------ Records for processing ------
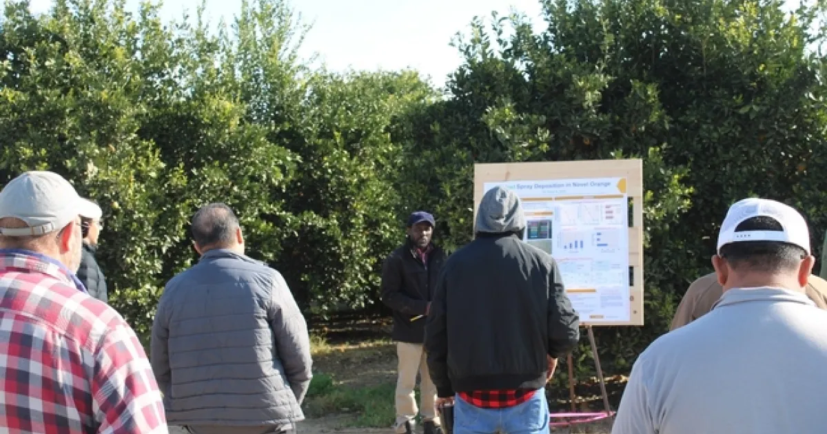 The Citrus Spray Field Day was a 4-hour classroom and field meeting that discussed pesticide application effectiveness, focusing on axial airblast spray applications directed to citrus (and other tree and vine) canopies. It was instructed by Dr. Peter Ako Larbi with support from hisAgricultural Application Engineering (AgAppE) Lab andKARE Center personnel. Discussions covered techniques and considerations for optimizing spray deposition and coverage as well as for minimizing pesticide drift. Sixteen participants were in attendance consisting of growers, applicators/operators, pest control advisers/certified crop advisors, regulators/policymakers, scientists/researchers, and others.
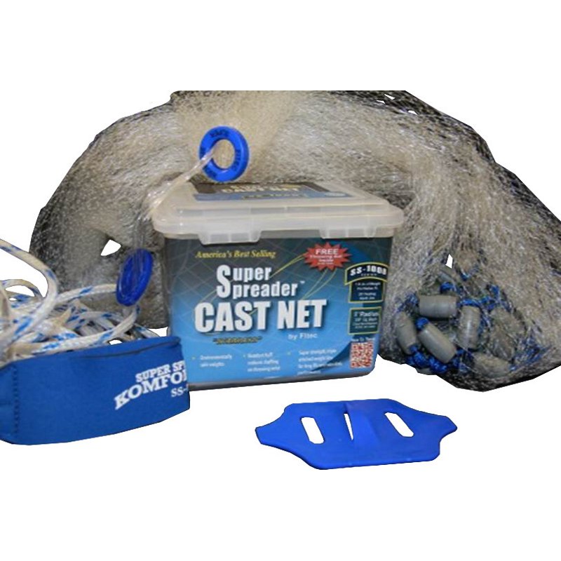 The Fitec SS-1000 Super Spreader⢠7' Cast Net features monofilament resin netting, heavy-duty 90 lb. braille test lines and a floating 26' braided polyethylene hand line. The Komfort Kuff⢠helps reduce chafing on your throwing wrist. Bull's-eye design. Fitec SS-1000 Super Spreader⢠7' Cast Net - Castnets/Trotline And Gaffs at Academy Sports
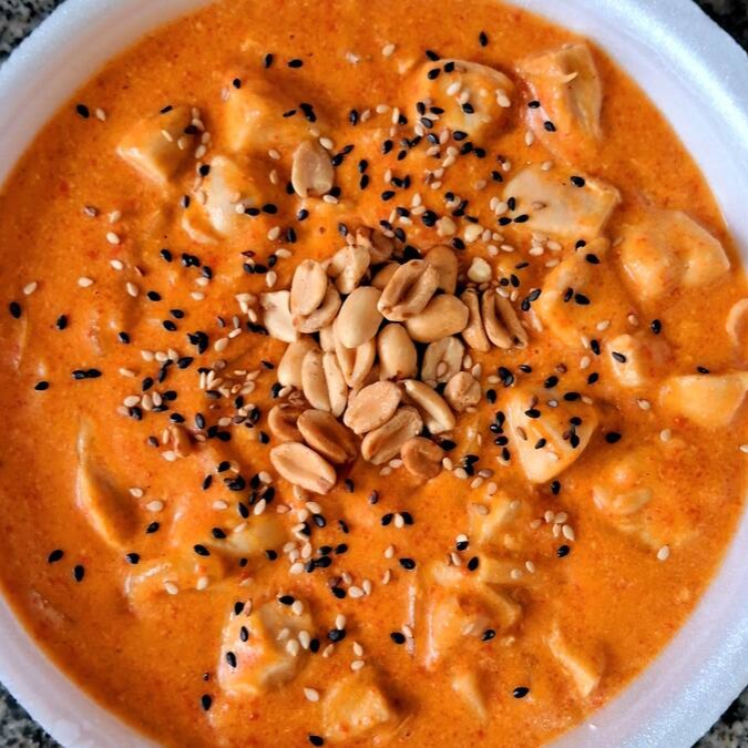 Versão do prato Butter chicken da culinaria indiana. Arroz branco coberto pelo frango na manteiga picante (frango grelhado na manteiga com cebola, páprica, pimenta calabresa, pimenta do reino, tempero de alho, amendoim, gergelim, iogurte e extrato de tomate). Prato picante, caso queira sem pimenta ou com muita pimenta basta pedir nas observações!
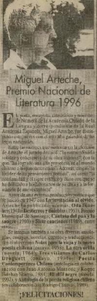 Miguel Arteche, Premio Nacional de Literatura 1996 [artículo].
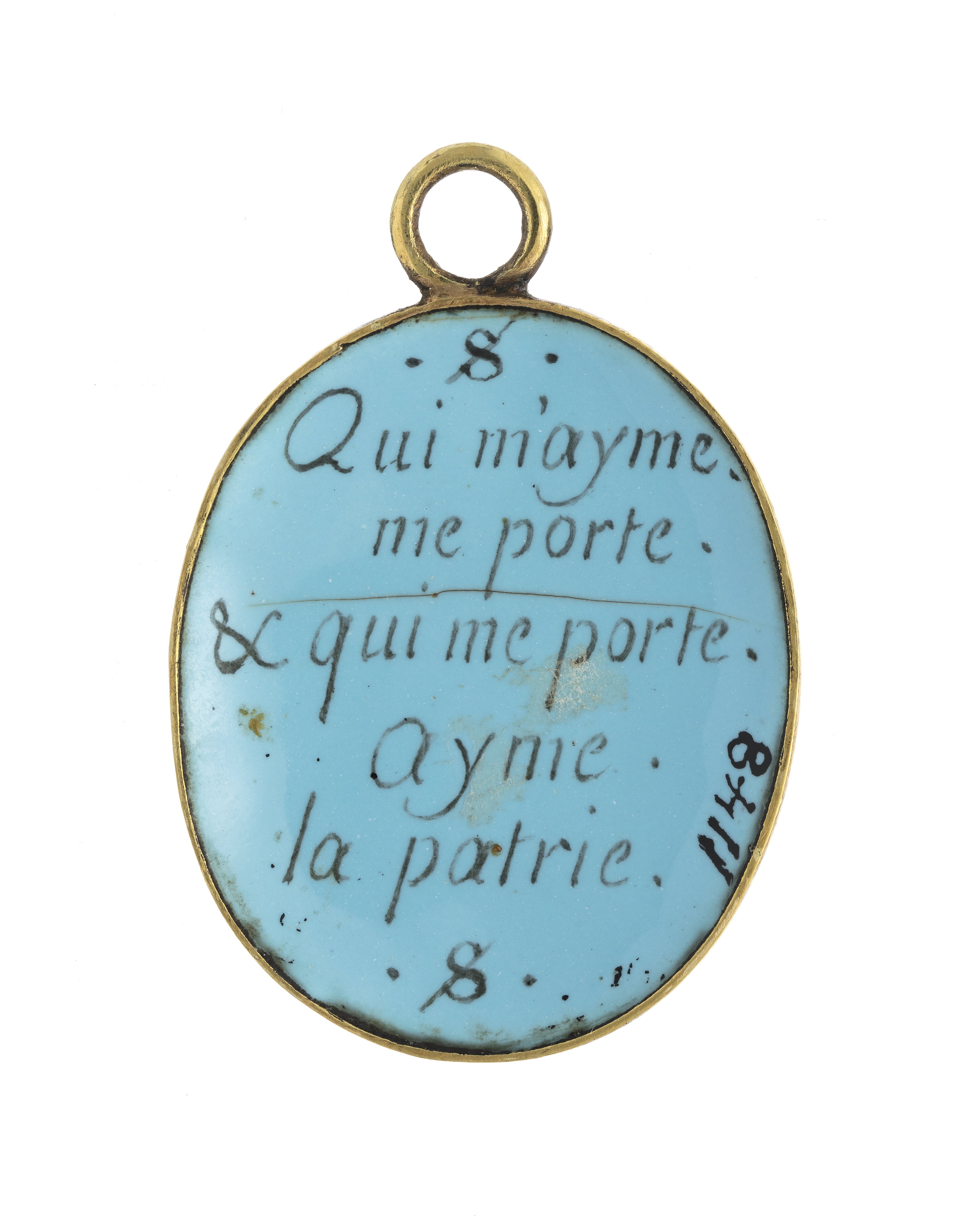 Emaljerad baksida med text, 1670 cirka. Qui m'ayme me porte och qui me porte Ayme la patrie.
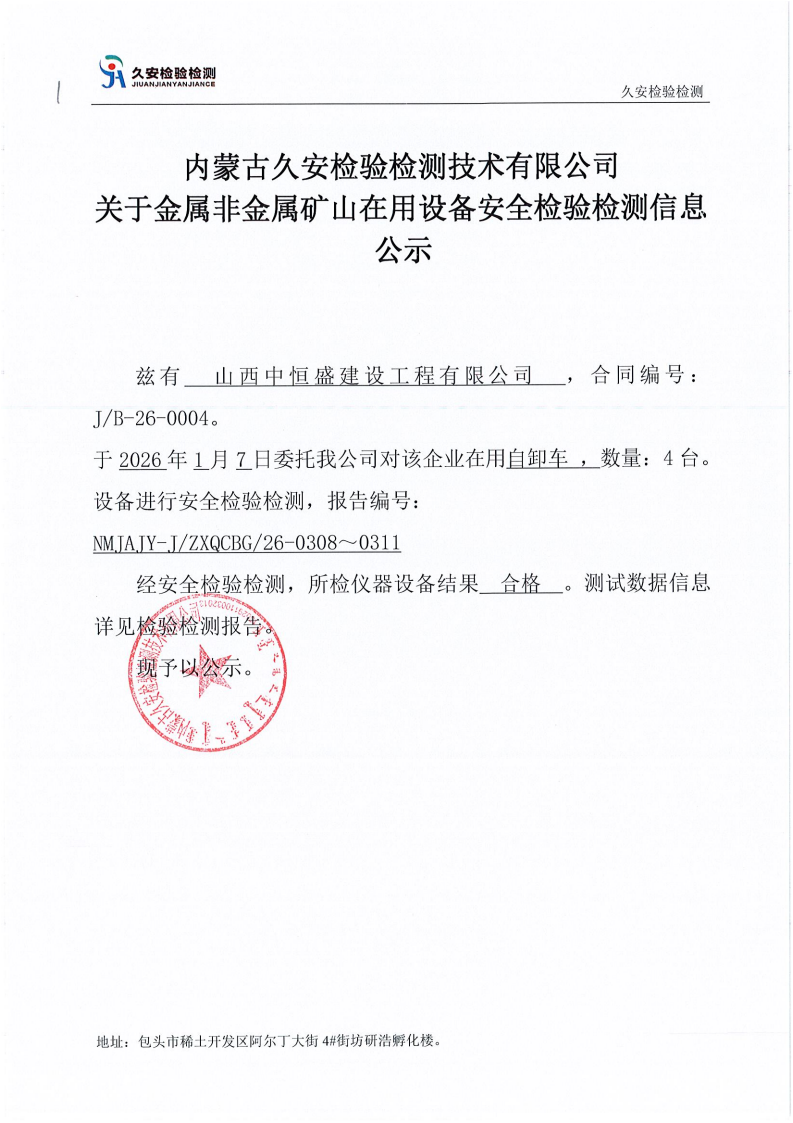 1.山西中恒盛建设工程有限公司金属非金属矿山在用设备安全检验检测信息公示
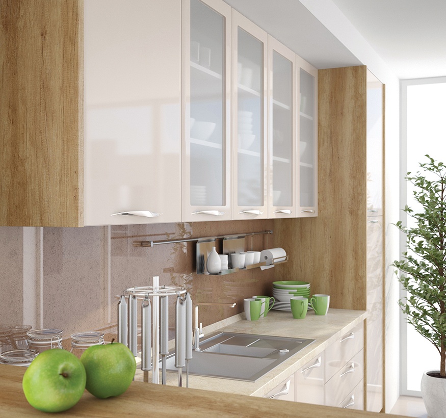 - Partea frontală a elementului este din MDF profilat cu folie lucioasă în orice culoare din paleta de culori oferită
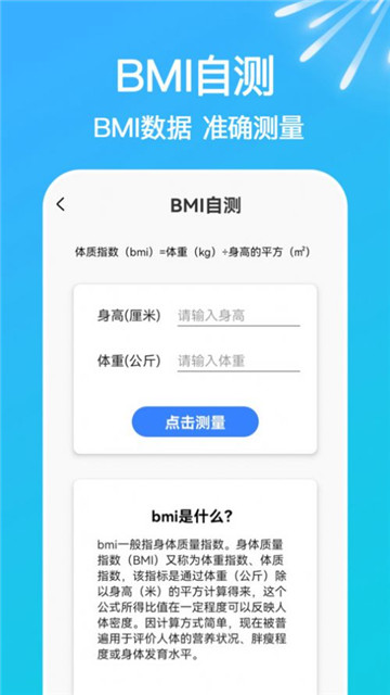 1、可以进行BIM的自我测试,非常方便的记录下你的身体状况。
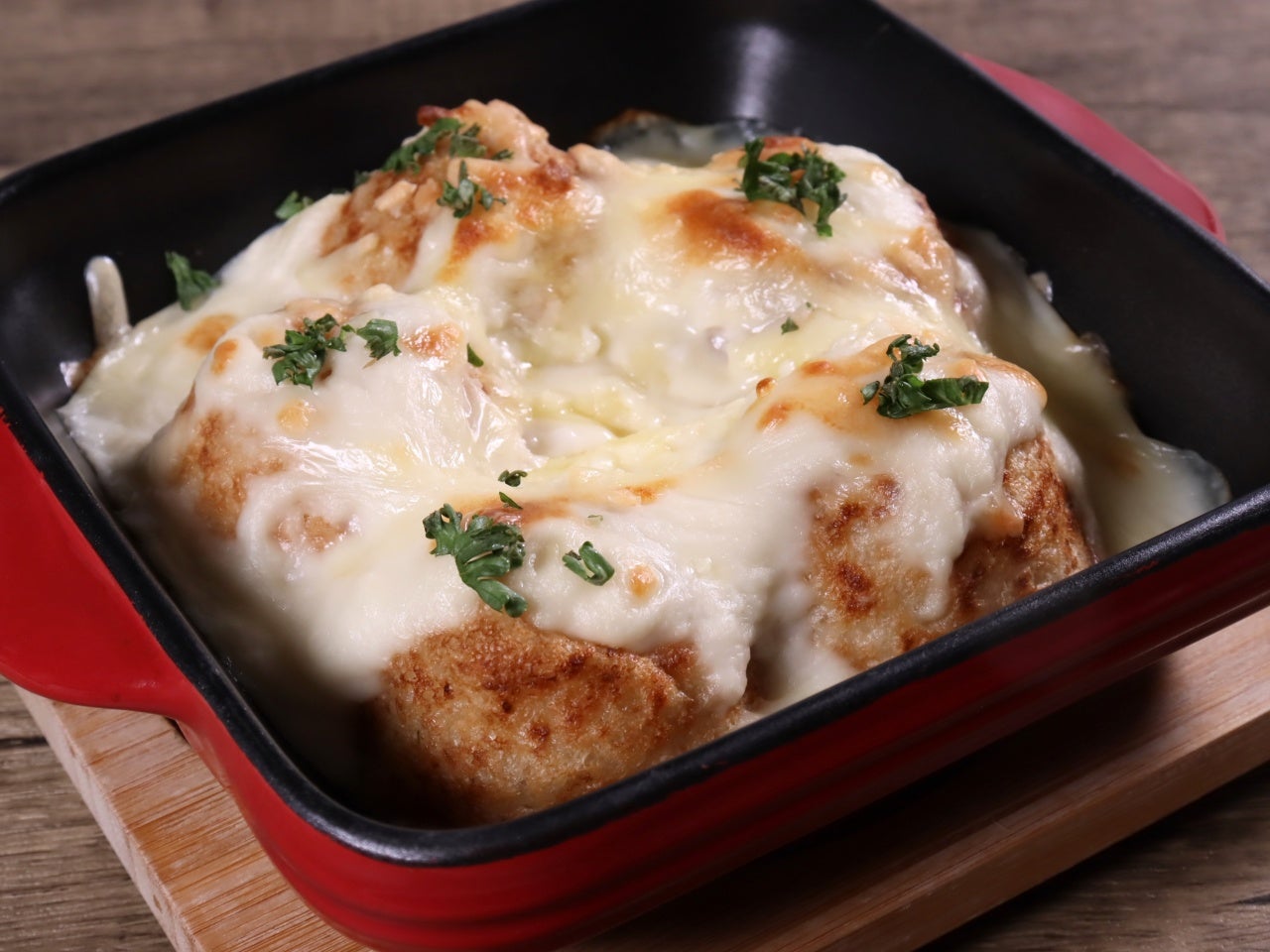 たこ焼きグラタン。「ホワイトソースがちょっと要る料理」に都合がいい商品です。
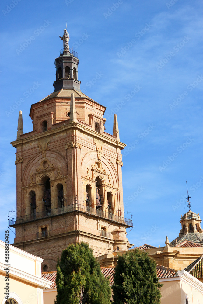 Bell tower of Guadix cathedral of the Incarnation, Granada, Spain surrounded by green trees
------
### What is being asked
Hand back the records above exactly, leaving out every picture.

### Final answer
 The Citrus Spray Field Day was a 4-hour classroom and field meeting that discussed pesticide application effectiveness, focusing on axial airblast spray applications directed to citrus (and other tree and vine) canopies. It was instructed by Dr. Peter Ako Larbi with support from hisAgricultural Application Engineering (AgAppE) Lab andKARE Center personnel. Discussions covered techniques and considerations for optimizing spray deposition and coverage as well as for minimizing pesticide drift. Sixteen participants were in attendance consisting of growers, applicators/operators, pest control advisers/certified crop advisors, regulators/policymakers, scientists/researchers, and others.
 The Fitec SS-1000 Super Spreader⢠7' Cast Net features monofilament resin netting, heavy-duty 90 lb. braille test lines and a floating 26' braided polyethylene hand line. The Komfort Kuff⢠helps reduce chafing on your throwing wrist. Bull's-eye design. Fitec SS-1000 Super Spreader⢠7' Cast Net - Castnets/Trotline And Gaffs at Academy Sports
 Versão do prato Butter chicken da culinaria indiana. Arroz branco coberto pelo frango na manteiga picante (frango grelhado na manteiga com cebola, páprica, pimenta calabresa, pimenta do reino, tempero de alho, amendoim, gergelim, iogurte e extrato de tomate). Prato picante, caso queira sem pimenta ou com muita pimenta basta pedir nas observações!
 Miguel Arteche, Premio Nacional de Literatura 1996 [artículo].
 Emaljerad baksida med text, 1670 cirka. Qui m'ayme me porte och qui me porte Ayme la patrie.
 1.山西中恒盛建设工程有限公司金属非金属矿山在用设备安全检验检测信息公示
 - Partea frontală a elementului este din MDF profilat cu folie lucioasă în orice culoare din paleta de culori oferită
 1、可以进行BIM的自我测试,非常方便的记录下你的身体状况。
 たこ焼きグラタン。「ホワイトソースがちょっと要る料理」に都合がいい商品です。
 Bell tower of Guadix cathedral of the Incarnation, Granada, Spain surrounded by green trees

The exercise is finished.